In the most frequent occupational group (plant and machine operators and assemblers), it was 0.65 (details not shown), but we observed differences between corresponding occupational subgroups (κ = 0.84 for painters, 0.76 for builders and carpenters, 0.35 for metal manufacturing and fashioning workers, and 0.03 for food and drink workers). In the other occupational groups, we observed variations to the reproducibility coefficient for the episode exposure probability (details not shown): kappa was very high (κ = 0.81) for specific occupations (50 000 ⩽ CITP < 60 000, services workers) but low (κ = 0.29) for less specific occupations (20 000 ⩽ CITP < 30 000, directors and administrative managers).

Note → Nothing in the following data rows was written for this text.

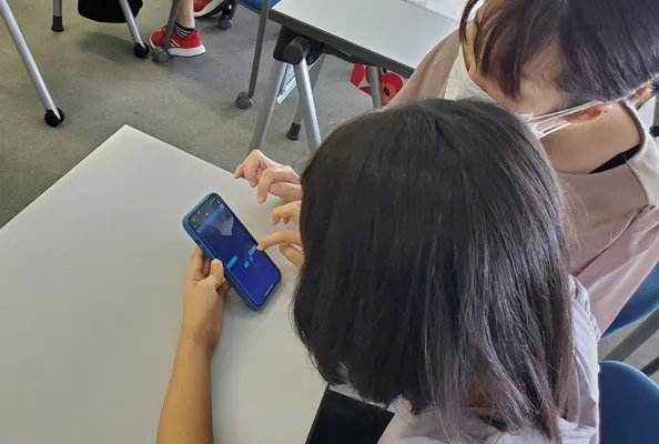 講師の笹川先生は、無料のアプリをダウンロードしたスマホやタブレットで「どんぐりころころ」のメロディとドラムを1小節ずつ作っていくという作業を、小学生でもわかるように、画面をスクリーンに映しながらゆっくりと丁寧にご指導くださいました。子どもたちは飲み込みが早く、与えられた課題以上にどんどん進めていき(笑)、メロディとドラムのみを打ち込む説明が終わるころには、なぜか他の楽器でリズムやハーモニーが何重にも打ち込まれたとても豪華な「どんぐりころころ」が出来上がっていました。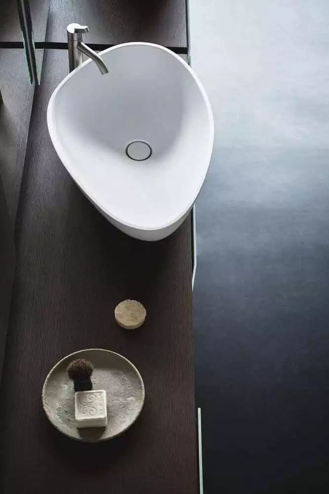 Lavabo sagomato da appoggio in Cristalplant® biobased bianco o in marmo di Carrara bianco, marmo carnic grigio o marmo Marquina nero, marmo Alpi verde o marmo Emperador scuro; senza foro per rubinetteria e troppopieno. Scarico incluso con tappo a filo con la superficie interna del lavabo, nella stessa finitura del lavabo (.MET0723).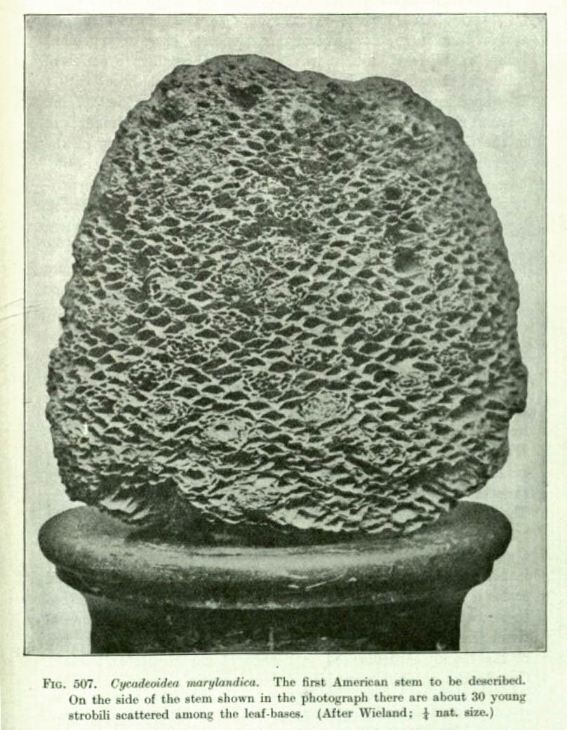 Excellent illustrations of bennettite trunks, showing the rhomboidal leaf scars, from Carruthers, 1870.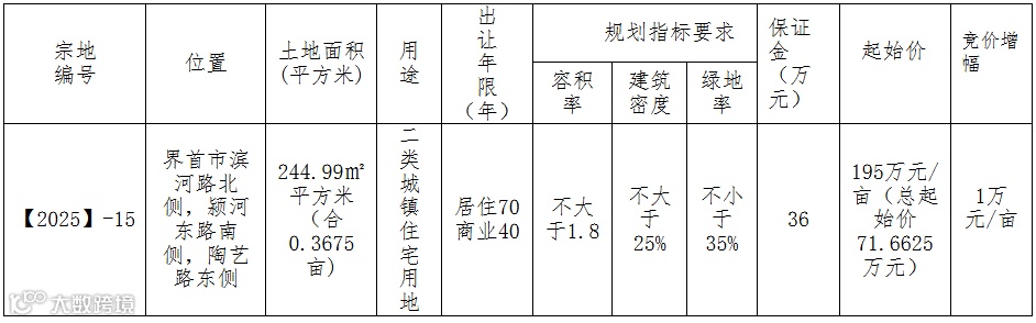 六、本次国有建设用地使用权拍卖会定于2025年6月18日15时在界首市公共资源交易中心举办。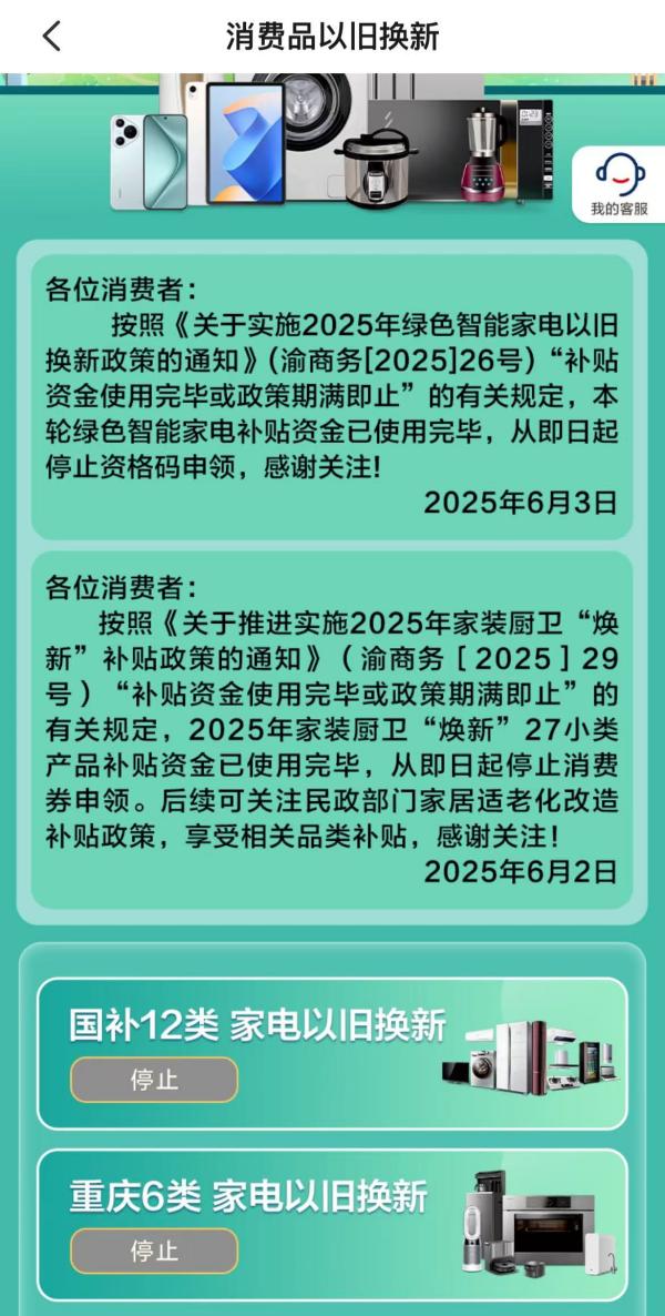 云闪付“重庆市消费品以旧换新”页面显示资格码停止申领公告。关于重庆地区2025年家电以旧换新补贴活动暂停的情况,云闪付“全国政府补贴专区”智能客服(下称“客服”给出回复:按照《关于实施2025年绿色智能家电以旧换新政策的通知》(渝商务〔2025〕26号“补贴资金使用完毕或政策期满即止”的有关规定,本轮绿色智能家电补贴资金已使用完毕,从6月3日17:15左右起停止资格码申领,下一轮活动消息,以政府通知为准。

Finally, 84.7% of the subjects had the same exposure status in both coding series (table 1). Status changed from exposed to unexposed (or vice versa) in 4.5% of the cases. Of the subjects classified as exposed during the first series, 95% were also classified as exposed in the second, while 2% were classified as not exposed and 3% were not classified. For the subjects classified as non-exposed in the first series, 64.7% retained the same exposure status in the second series, 19.1% were classified as exposed, and 16.2% could not be classified. The kappa reproducibility coefficient for the subjects’ exposure status was thus 0.64, and that for their exposure probability 0.60 (table 2).

The distribution of coding differences according to coder pairs (table 3) showed that 36% of the episodes (74.6% of subjects) coded twice by the same coder had at least one difference, while 58.2% of those (87.8% of subjects) coded by two different coders differed. Simultaneous differences for both codes (ISIC and ISCO) were found for 8.5% of the episodes (25.3% of subjects) coded by the same person and 15.9% of the episodes (35.8% of subjects) coded by two different people.

Table 3

Proportions of coding differences by coder pairs (same coder or different coders)

Reproducibility coefficients were also calculated with the coders taken into account (table 2). The coefficient of reproducibility for all the questionnaires treated twice by the same coder was 0.78 for episode exposure status, 0.77 for episode exposure probability, 0.70 for subject exposure status, and 0.66 for subject exposure probability. We noted differences in reproducibility according to the coders, in particular for subject exposure status, with coefficients ranging from 0.86 for coder 1 to 0.53 for coder 2.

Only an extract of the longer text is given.